Part 2 of the AI agent server security guide. Sandboxing, egress filtering, backups, monitoring — for when you want proper production-grade defense.

This is Part 2. If you haven’t read Part 1, start there: it covers the must-have setup that takes about an hour and closes 80% of automated attacks. Without the must-have basics, the rest doesn’t matter much.

Here’s what to add after the must-have steps, if you want to raise the bar.

Why this is a separate article. In Part 1 every measure was uncompromising: set it up once, and the server is simply more secure, no side effects. Here it’s different. Some measures actually limit what the agent can do on the server. Sometimes that reduces convenience (debugging gets harder), sometimes flexibility (the agent can’t install a new dependency on the fly), sometimes performance. The items below are conscious trade-offs: security against something else. So whether to apply them is up to you.

I split this part into two tiers:

  • Should-have — production baseline. If you’re keeping an agent running for longer than a couple of weeks and it touches your data, you’ll want this.
  • Nice-to-have — paranoid tier. Worth it when you have multiple servers, sensitive data, or just want an extra layer of comfort.

At the end — a separate “what to do during a compromise” runbook.


Should-have: production baseline

Step 9. A dedicated system user per agent

This one arguably belongs in the must-have list, but I’m putting it here as the gateway into the advanced level.

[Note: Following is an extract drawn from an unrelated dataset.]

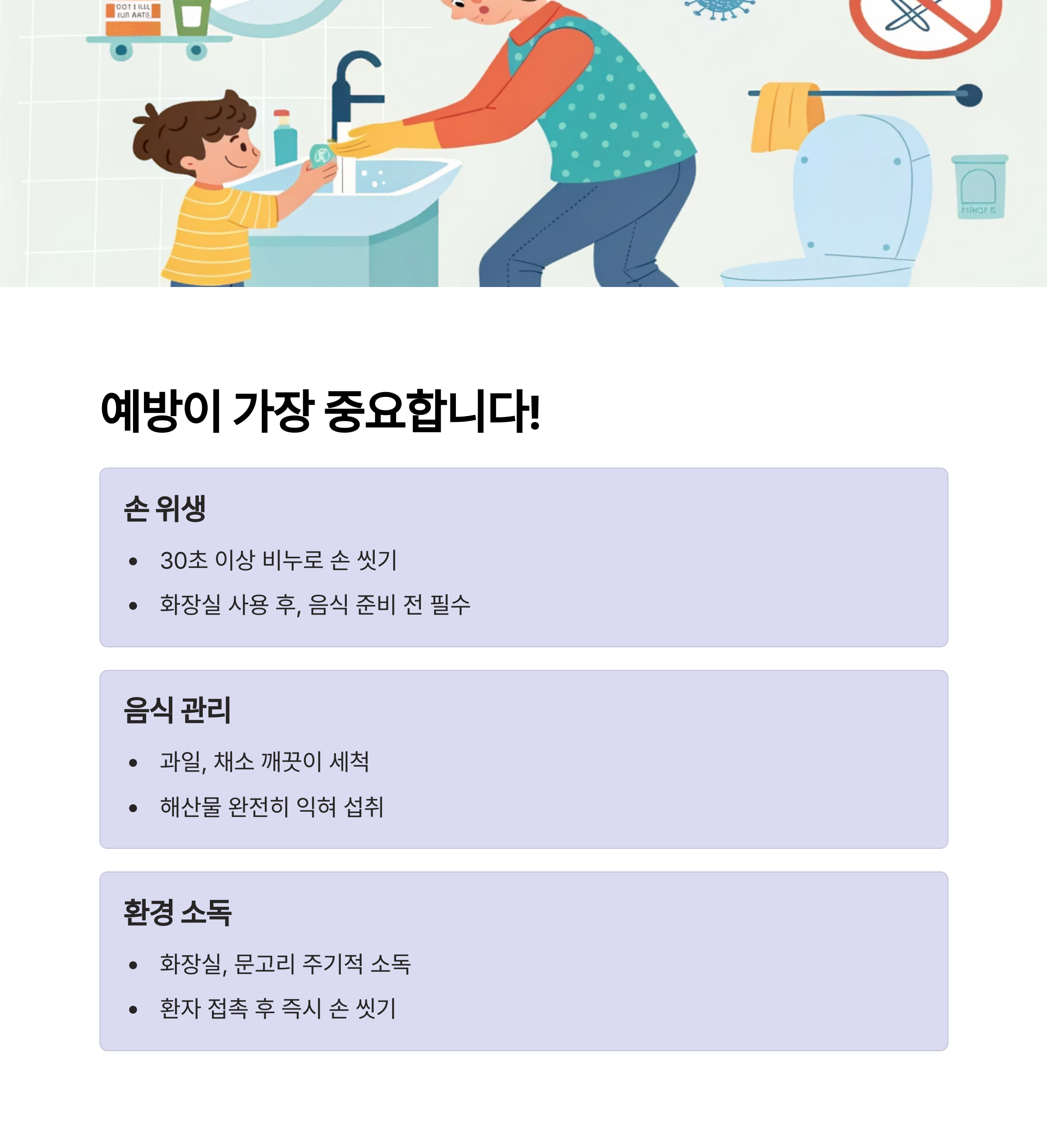 “빠르고 강력하지만, 올바른 위생관리로 충분히 막을 수 있습니다.” 🧴🛡️

useradd --system --shell /usr/sbin/nologin --home-dir /opt/hermes --create-home hermes
useradd --system --shell /usr/sbin/nologin --home-dir /opt/openclaw --create-home openclaw
chmod 750 /opt/hermes /opt/openclaw

What it does (line by line):

  • useradd --system — creates a system user (doesn’t show in login menus, doesn’t get a UID from the “human” range)
  • --shell /usr/sbin/nologin — this user has no shell, you can’t log in as them at all, even with the password. They can only run processes.
  • --home-dir /opt/hermes --create-home — gives them a “home” directory in /opt, not in /home
  • chmod 750 — other users can read (useful for logs and shared work), but not write. You can set 700 if you want stricter isolation.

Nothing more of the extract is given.